Of course the resident trolls will be along any minute in order to spout nonsense about “intelligent design”. You don’t think so? Well how about the guy who thought that the formation of ice under a vent was evidence for a young earth, cause that’s just like stuff in caves don’t ya know! Anyway, life can’t be that complicated if even humans can reproduce it from scratch. Not so much intelligence needed after all it seems.

Wonderful! And it is for this reason I so assiduously follow PT and the scientists enabling amateurs, like myself, to keep up to date with brand new research.

I must pop over to UD in about 10 days time when they have had time to realise, recoil, and react; however poorly and incompetantly.

What is Szostak and his team’s next hurdle? Once RNA can replicate within the cell without degradation of the cell wall, what next? Laboratory mitosis? Or am I several steps beyond?

This comment has been moved to The Bathroom Wall.

DS said:

Of course the resident trolls will be along any minute in order to spout nonsense about “intelligent design”. You don’t think so? Well how about the guy who thought that the formation of ice under a vent was evidence for a young earth, cause that’s just like stuff in caves don’t ya know!

5 hours - 19 minutes from your post. Close enough. Booby strikes again.

Takes more than a fruit fly to spoil our ointment!

Creationists love this artificial life stuff. If you can’t create life, then it’s too complex to have arisen naturally. If you can create life, it obviously required some intelligence to do so. It’s the perfect heads they win, tails you lose scenario. At least they seem to think so. In actuality of course it merely demonstrates the feasibility of an abiotic origin for replicating systems.

Perhaps they are just worried about the potential applications of such a powerful new technology. After all, fear of death is their primary motivator in all things.

Do follow the link under the picture (above). There are some really cool animations there.

For those of use who don’t stare through a microscope each day, it’s hard to remember that these are not “static” structures, like our skin or bones or organs, or like static pictures on a page. These are instead fairly loosely (or at least dynamically) held individual molecules, that are always in random thermally generated Brownian motion. Once you see the parts of the assemblage all wiggling about, it becomes much more plausible to imagine them interacting in some fashion.

When all we see are static pictures or drawings, explaining how this large molecule fits like a key into this other large molecule, it becomes reasonable to ask, “Well, how did the cell know to grab molecule “A” and stick it to molecule “B”?”. With only the static drawings, it looks like a well defined key in an unchanging lock. Even simple animations often just show the static “key” molecule approaching the static “lock” molecule, in a well controlled manner, turning the lock, and then moving on. Even animations of the assembly or copying of DNA or RNA typically show precise, “intentional” motions of the molecules in question.

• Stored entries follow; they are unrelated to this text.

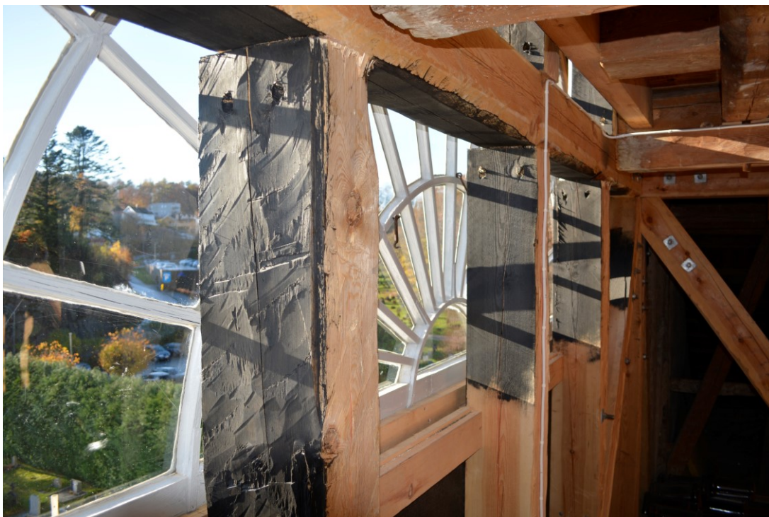
Det store buevinduet er nyrestaurert hos Vrolstad på Konsmo. Det kommer mer til sin rett nå når det er åpen vegg inn til tårnet.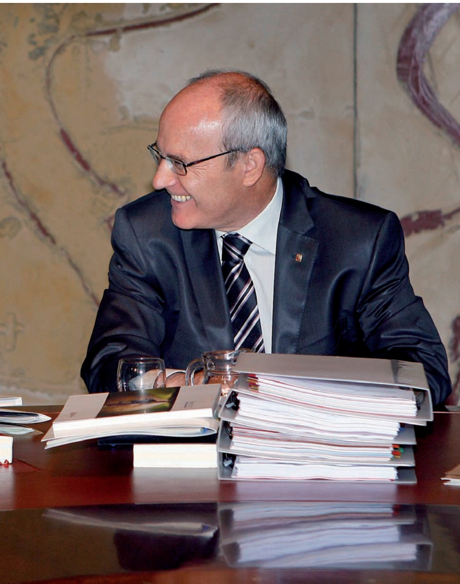
ciés la seva renúncia a anar a les llistes del PSC.

que es llegeixi l'entrevista amb Castells "a poc a poc" i prometia tornar-hi en un futur: "En seguirem parlant."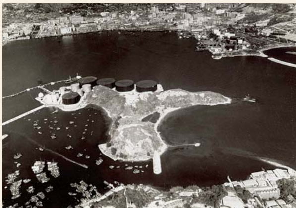
昔日的牙鷹洲是油庫的集中地（葵青民政事務處提供）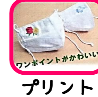
プリント ワンポイントがかわいい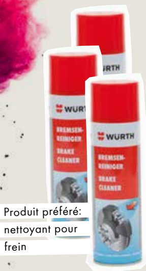
Produit préféré: nettoyant pour frein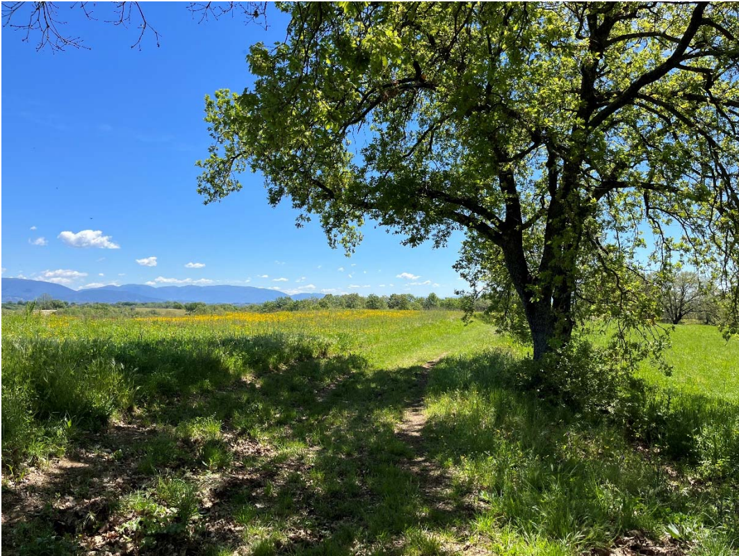
Cono Visivo 40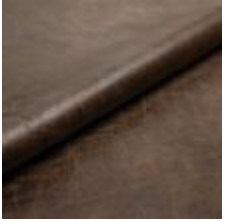
Rodeo 66 Umbra 1028666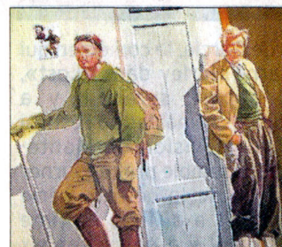
Des figures de l'alpinisme qui seront "installées" en Haute-Savoie à partir du 19 juillet.

Se connecter sur le site www.a-fresco.com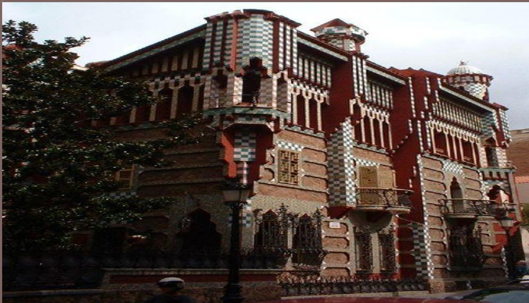
Дом Висенс (Барселона) « Всемирное наследие ЮНЕСКО »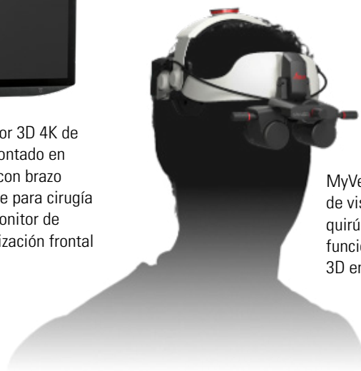
MyVeO, casco de visualización quirúrgica multi-función para cirugía 3D en vivo

Cualquier descripción de EnFocus mencionada en este documento se refiere al dispositivo médico EnFocus 2300 Integrated OCT System.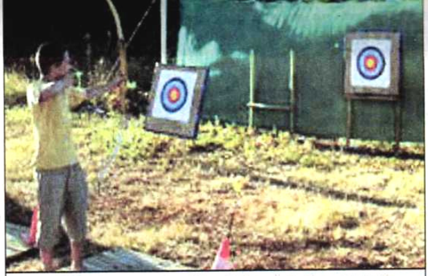
Un stand de tir à l'arc est installé sur la base de la Pierre-Plantade.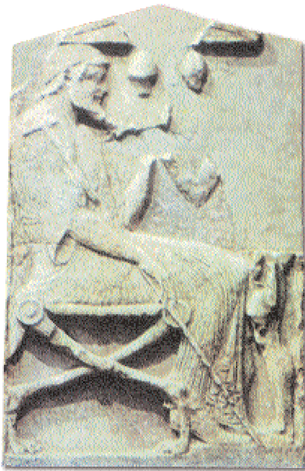
5. Ανάγλυφο που απεικονίζει γιατρό, όπως συμπεραίνεται από τις δύο σκύες (ιατρικά κύπελλα) κάτω από το αέτωμα της στήλης. Τέλος δου αι. Βασιλεία, Μουσείο Τέχνης.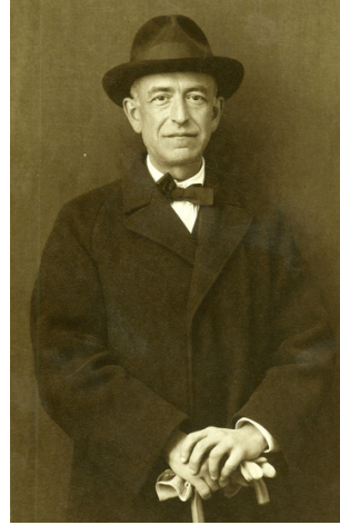
Manuel de Falla (1876-1946)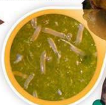
ตัวเต็มวัยของโรสี้ขามะพร้าว ▶ เมื่อมองผ่านกล้องขยาย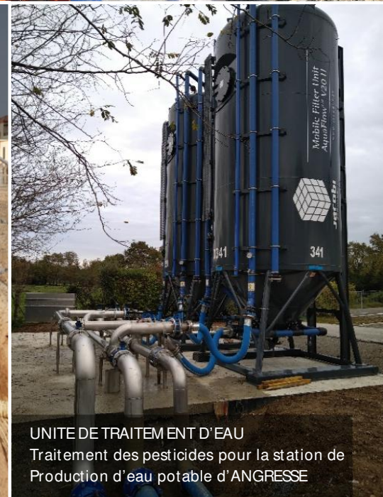
UNITE DE TRAITEMENT D'EAU Traitement des pesticides pour la station de Production d'eau potable d'ANGRESSE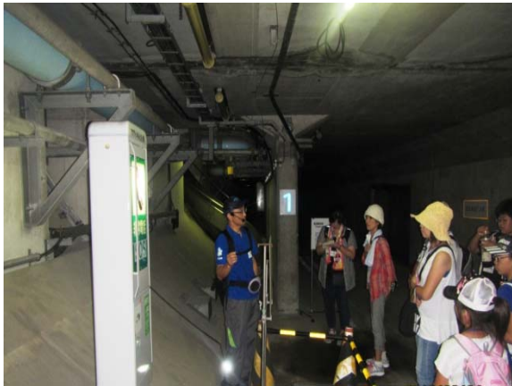
【アクアトンネル：緊急避難通路探検】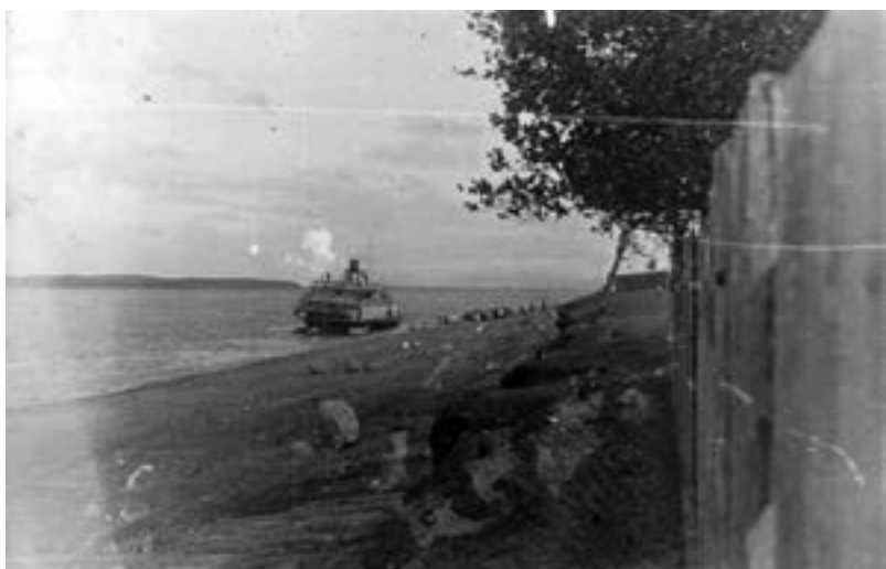
Пароход на Амуре. 1929 г.

But, looking at animations like these, it becomes more clear that we’re talking about relatively flexible structures all wiggling about, all bumping into each other, in relatively rapid and random ways, and that, occasionally, two of those flexible structures will stick together in certain ways. Given the nature of those structures, two molecules are more likely to stick together in one way than in another.

Looked at another way, we (the lay public) tend to imagine these molecular parts acting as we see desecrate objects acting around us in our daily lives. We don’t have the personal experience of parts (molecules) where the environment (water) is on the same scale as we are, and where the interactive forces between molecules bumping into each other is on the same order of energy as the forces holding the parts together.

It’s like the difference between walking from one exhibit to another in a relatively sparsely populated museum, and trying to move from one side of a densely populated train platform to another, where you are literally check to jowl with all the other people all constantly bumping into each other.

Detailed, dynamic animations like these are wonderful teaching tools to better show what is really going on.

Very interesting. In the book What is Life?, Addy Pross brings up two areas of inquiry about the origin of life. One is on its historical origins, which is where we ask ‘where’ and ‘when’ and exactly ‘how’ did life get started. We know very few things about the historical origin of life since the earth has changed a lot since then, and the geological record has not preserved the earliest events. The other area of inquiry is about the a-historical origins of life. Here is where we ask ‘how could life get started in principle’. The a-historical line of inquiry has progressed most handsomely, so much so that it is hard to sort out all the different ways in which life could have begun in principle. Szostok and others have given us a lot to think about, and it is heartening to learn of yet more progress in this area.

Scott F said:

Detailed, dynamic animations like these are wonderful teaching tools to better show what is really going on.

This year’s Nobel Prize in Chemistry went to Martin Karplus, Michael Levitt, and Arieh Warshel for “the development of multiscale models for complex chemical systems.”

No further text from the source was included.